Wayne Slawson

American

1932 —2022

Wayne Slawson was an American composer and theorist whose experiments in the 1960s made him one of the first to use digital computers as musical instruments, developing the programs MUSE and SYNTAL to treat timbre as a resource equal to pitch. His landmark composition Wishful Thinking About Winter from 1967 and his book Sound Color from 1985 established him as a pioneer of computer music.

Full Bio

Wayne Slawson was born in Detroit in 1932. He studied mathematics and composition at the University of Michigan, receiving a BA in 1955 and an MA in 1959, and earned a PhD in psychoacoustics at Harvard University in 1965. Alongside his graduate work he was a computer programmer and systems analyst, serving in the U.S. Air Force from 1955 to 1957 and later working at the Rand Corporation in Santa Monica and the Mitre Corporation in Bedford, where he specialized in speech synthesis. He held post-doctoral fellowships at MIT and at the Royal Institute of Technology in Stockholm before beginning an academic career that spanned more than three decades. Slawson taught composition, music theory, and psychoacoustics at Yale University from 1967 to 1972, at the University of Pittsburgh from 1972 to 1986, and at the University of California from 1986 until his retirement in 2001, where he directed the Computer and Electronic Music Studio. After retiring from academia he moved to Oregon, where he founded the micro-publishing company Yank Gulch Music, lectured part-time at Southern Oregon University, and continued to compose.

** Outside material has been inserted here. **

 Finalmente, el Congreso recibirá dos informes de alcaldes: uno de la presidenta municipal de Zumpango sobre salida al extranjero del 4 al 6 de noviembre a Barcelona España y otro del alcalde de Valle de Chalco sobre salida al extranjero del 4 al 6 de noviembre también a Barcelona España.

Slawson’s early experiments in the 1960s placed him among the first composers to use digital computers as instruments. He wrote the programs MUSE and SYNTAL to implement a source–filter model of sound, where speech was understood as energy sources resonating through filters. This gave him a framework for controlling timbre with the same rigor as pitch, and made color a primary compositional resource. His piece Wishful Thinking About Winter, produced at MIT in 1967, set a haiku through spectral glides that reshaped vowels into music. He expanded this system in Sound Color, published in 1985, which codified “color classes” as the timbral equivalent of pitch classes, opening a new field for analysis and composition.

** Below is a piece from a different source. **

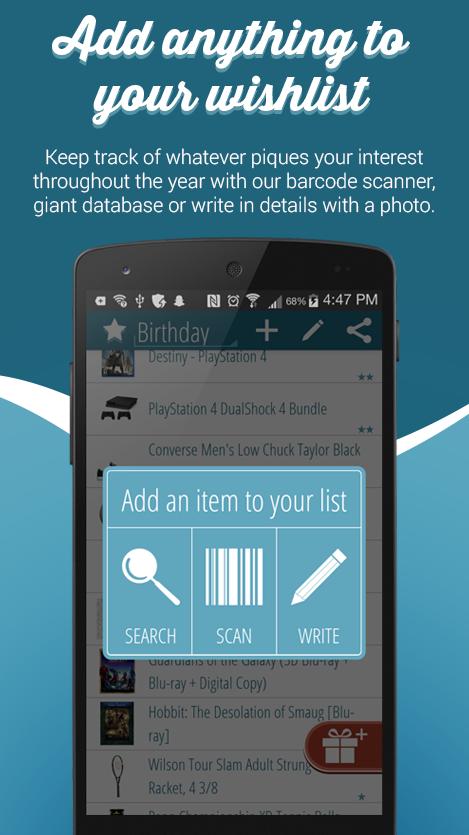 Не требуется входа в систему или реестр, все, что вам нужно для начала, - это загрузить из Google Play. Есть несколько устройств? Не проблема, застройщик youwish wiselist автоматически синхронизирует ваши списки и подарки между всеми устройствами Android, которые устанавливают Youwish. Добавьте подарок в свой список пожеланий на день рождения со своего телефона и посмотрите на свой планшет. Создайте свадебный реестр на своем планшете, сканируйте и найдите все подарки, которые вы пожелаете, и наблюдайте, как реестр волшебным образом появляется на вашем телефоне.

His contributions were recognized internationally, beginning with the inclusion of Wishful Thinking About Winter on the landmark Decca album Voice of the Computer in 1970, presented alongside works by Jean-Claude Risset, James Tenney, and other pioneers. Sound Color was awarded the first Outstanding Publication Award of the Society for Music Theory in 1986 and remained a touchstone in the field for decades. The ideas he advanced shaped a wide range of compositions that brought computer-generated sound into dialogue with traditional ensembles, from the orchestral Motions to string quartets and later works including Quatrains Miniatures, Mixed Doubles, Snow, and Winter Rounds, where spectral strands and instrumental voices were composed as parallel dimensions. As a teacher he influenced generations of students at Yale, Pittsburgh, and Davis, and in later years he continued to compose while directing Yank Gulch Music from his home in Oregon. Slawson passed away in 2022.